Harvesting of the 2016 main cereal crops concluded in July. Results from the Government‑led crop assessment indicate a 10 percent increase in the 2016 maize crop, estimated at 2.87 million tonnes. At this level, the 2016 output is about the five‑year average. The year‑on‑year increase results from improved yields that more than offset a 9 percent contraction in the area planted. Despite the impact of El Niño‑related dryness between October and December 2015, rainfall improved between January and March, benefiting crop development particularly for the late‑planted crops. However, the early dryness that especially impacted the southern parts of the country resulted in a sharp drop in maize production of nearly 50 percent in the Southern Province.

Production of sorghum, although produced on a relatively small scale, rose significantly by 74 percent. This year’s increase is partly attributed to the inclusion of the crop in the Government’s Farmer Input Support Programme (FISP), which provides farmers with subsidized access to agricultural inputs.

The wheat crop, to be harvested from October, is forecast at about 250 000 tonnes, slightly higher than the previous year. Total cereal production in 2016 is forecast at a near‑average level of approximately 3.2 million tonnes, 10 percent up from the previous year.

Larger maize harvest and ample carryover stocks result in exportable supplies in 2016/17

National maize supplies in the 2016/17 marketing year (May/April), including carryover stocks, estimated to be close to 0.7 million tonnes, are more than sufficient to cover domestic requirements. As a result, Zambia is forecast to export more than 0.5 million tonnes of maize, of which a large proportion is expected to be supplied to Zimbabwe.

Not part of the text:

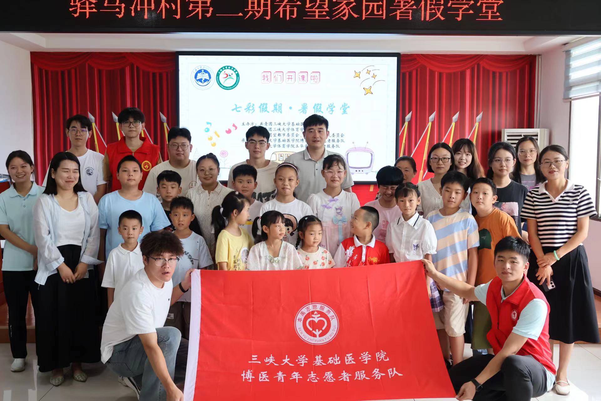 (通讯员 邹文君 方政民 黄祥宇 向秋帆 杨可)以青春之名,肩负时代担当;以志愿之声,响应时代号召。为帮助孩子们度过一个安全、快乐、有意义的暑假,缓解暑假带娃难,2024年8月10日,由三峡大学基础医学院和三峡大学体育学院志愿者组成的“乡”遇助梦实践团队,联合驿马冲村村民委员会,于湖北省宜都市驿马冲村正式开展为期16天的七彩假期活动。
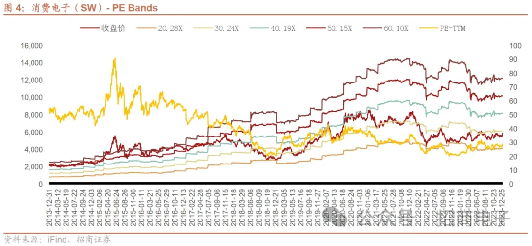 截止到2023年12月底,消费电子板块整体PE-TTM估值从低位区间逐步修复至近29倍,略高于近两年均值。

However, maize exports have been suspended until the end of September.

The Food Reserve Agency (FRA), the Government parastatal mandated to manage the national strategic stock and engage in market facilitation, increased the maize procurement price since an earlier announcement in May 2016 by 13 percent to ZMW 85 (USD 0.12) per 50 kg for the 2016/17 marketing year (May/April). The adjustment was made to better reflect higher maize production costs faced by farmers following the depreciation of the kwacha in 2015, which contributed to raising input prices. In the current marketing year, the FRA has targeted the procurement of 1 million tonnes of maize, the country’s main staple food and grown by approximately 80 percent of smallholder farmers. As of the end of August, about 220 000 tonnes had been purchased by the FRA.

Maize prices increased and remained higher on yearly basis

Prices of maize grain increased in August and were about 30 percent up from their year-earlier level, mainly reflecting a tight supply situation.

Food security conditions worsen in southern areas

Food security conditions have deteriorated in the southern areas of the country that were most affected by the El Niño‑related dryness and consequent reduced agricultural production. The Zambian Vulnerability Assessment Committee’s 2016 evaluation in southern areas of the country estimated that 975 738 people (162 623 households) are food insecure and would require assistance. Between August and December 2016, humanitarian assistance will only target 257 592 severely‑affected people (42 932 households), while during the peak of the lean season (January‑March 2017), the total food insecure population will be supported mainly through the Social Cash Transfer (SCT) programme.